* _Given data_
__________________________________________________

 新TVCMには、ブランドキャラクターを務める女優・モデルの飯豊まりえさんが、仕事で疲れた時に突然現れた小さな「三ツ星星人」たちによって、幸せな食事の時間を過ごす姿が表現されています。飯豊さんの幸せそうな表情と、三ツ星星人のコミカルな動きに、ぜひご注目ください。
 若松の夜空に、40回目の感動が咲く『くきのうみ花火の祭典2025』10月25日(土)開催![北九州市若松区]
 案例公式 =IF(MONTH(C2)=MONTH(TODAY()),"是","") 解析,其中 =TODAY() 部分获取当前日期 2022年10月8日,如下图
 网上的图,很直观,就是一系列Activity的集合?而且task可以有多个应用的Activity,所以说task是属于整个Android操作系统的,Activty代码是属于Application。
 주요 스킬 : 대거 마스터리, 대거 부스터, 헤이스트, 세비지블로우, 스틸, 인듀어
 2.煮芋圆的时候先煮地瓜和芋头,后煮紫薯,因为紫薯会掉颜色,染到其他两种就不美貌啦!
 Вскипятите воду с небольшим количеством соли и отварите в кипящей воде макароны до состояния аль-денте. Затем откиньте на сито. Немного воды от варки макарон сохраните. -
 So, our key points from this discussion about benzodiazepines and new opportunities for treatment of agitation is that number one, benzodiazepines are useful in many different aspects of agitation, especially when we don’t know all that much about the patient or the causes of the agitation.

__________________________________________________

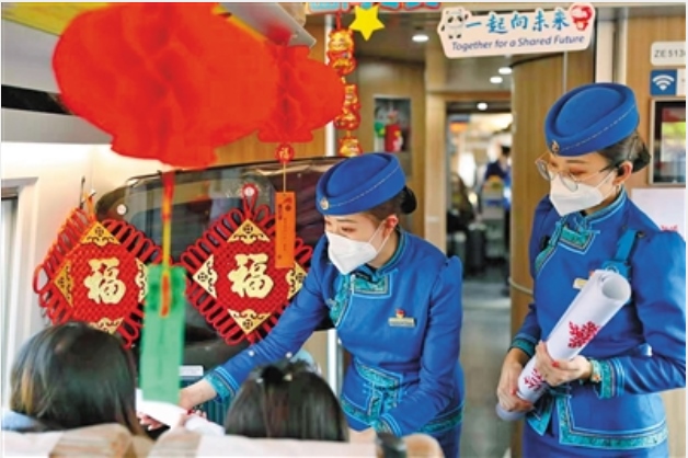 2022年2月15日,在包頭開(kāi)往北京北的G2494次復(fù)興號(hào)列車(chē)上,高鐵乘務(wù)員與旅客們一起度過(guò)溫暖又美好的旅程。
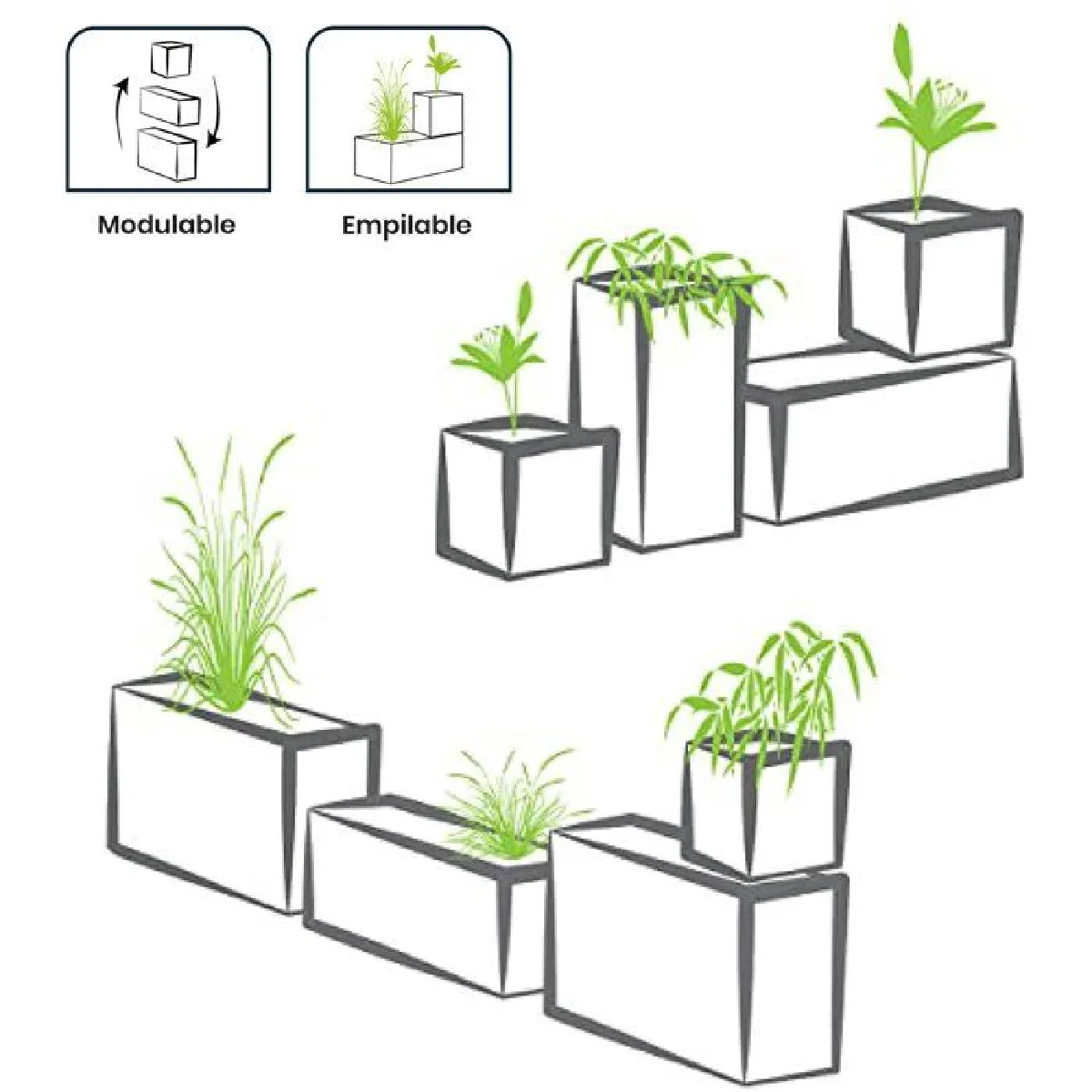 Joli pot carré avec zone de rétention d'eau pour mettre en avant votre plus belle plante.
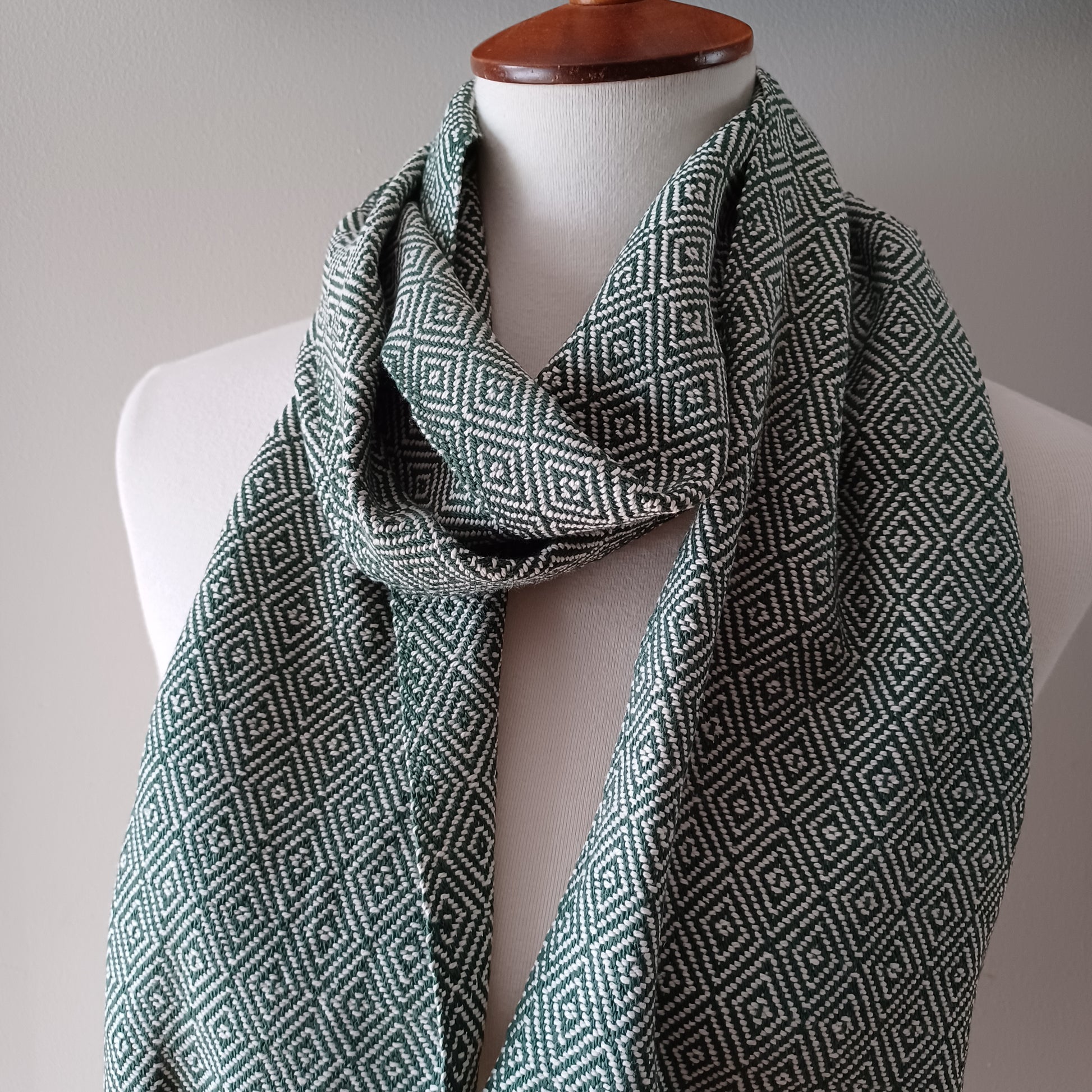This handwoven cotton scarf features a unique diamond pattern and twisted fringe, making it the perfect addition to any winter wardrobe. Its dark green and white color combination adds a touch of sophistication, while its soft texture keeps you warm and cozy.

__________________________________________________

* _What you should do_
From the material above, reproduce only what runs from the line holding "2022年2月15日,在包頭" down to the line holding "Joli pot carré", both included, pictures excluded.

* _Output for this task_
 2022年2月15日,在包頭開(kāi)往北京北的G2494次復(fù)興號(hào)列車(chē)上,高鐵乘務(wù)員與旅客們一起度過(guò)溫暖又美好的旅程。
 Joli pot carré avec zone de rétention d'eau pour mettre en avant votre plus belle plante.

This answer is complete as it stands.